The click rate is an important index for measuring the effect of internet advertisements, and generally means that after keywords are input in a search engine, searching is carried out, then related advertisements are arranged in sequence, and a user can select the advertisements which are interested by the user to click in; the number of times an advertisement is searched is taken as the total number of times, and the ratio of the number of times a user clicks and enters a website to the total number of times is called the click rate.

For example, if the advertisement is search shown 1000 times and clicked 10 times by the user, then the click-through rate for the advertisement is: 1 percent.

The click rate can also be used for measuring the popularity of the short video, a user inputs a search keyword in the short video application, for example, if the input keyword is 'laugh', the related laugh short video can be searched, then the user selects a short video frequency in which the user is interested to click in the searched short video, the number of times of searching out the short video after inputting the keyword is taken as the total number of times, and the proportion of the number of times of clicking to enter the short video to the total number of times is the click rate of the short video.
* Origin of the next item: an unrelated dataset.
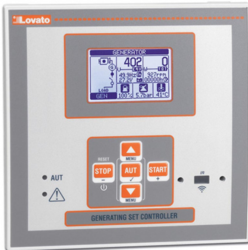
Lovato RGK600 - итальянский контроллер для управления дизельной электростанций, с широким функционалом и русскоязычным интерфейсом. Позволяет контролировать множество параметров работы установки во всех штатных режимах. Разработка итальянской компании Lovato Electric.

When a user selects a short video which is interested in, the user generally knows the content of the short video primarily according to the cover of the short video, the cover of the short video is more wonderful, and the click rate of the short video is higher. However, many existing short video applications automatically take the first frame of the short video as the front cover of the short video when a user uploads the short video, and the first frame content of the short video often cannot show a highlight in the video, which may result in a low click rate of the short video.

The embodiment of the disclosure provides a video cover image generation method, which is used for generating a wonderful cover for a video, so that the click rate of the video is improved.

To make the objects, technical solutions and advantages of the present disclosure clearer, the present disclosure will be described in further detail with reference to the accompanying drawings, and it is apparent that the described embodiments are only a part of the embodiments of the present disclosure, rather than all embodiments. All other embodiments, which can be derived by one of ordinary skill in the art from the embodiments disclosed herein without making any creative effort, shall fall within the scope of protection of the present disclosure.

Embodiments of the present disclosure are described in further detail below.

FIG. 1 is a flow diagram illustrating a method for generating a video cover image according to an exemplary embodiment, as shown in FIG. 1, including the steps of:

in step S11, in response to the video search instruction, determining a target video corresponding to the video search instruction;

in step S12, at least two frames of candidate images are determined from the target video, and a screening parameter for indicating the degree of matching with the search keyword corresponding to the candidate images is determined according to the pixel characteristics of the candidate images and the search keyword corresponding to the video search instruction;

in step S13, a target image is screened from the at least two frames of candidate images according to the screening parameters corresponding to the candidate images, and a cover of the target video is generated according to the target image.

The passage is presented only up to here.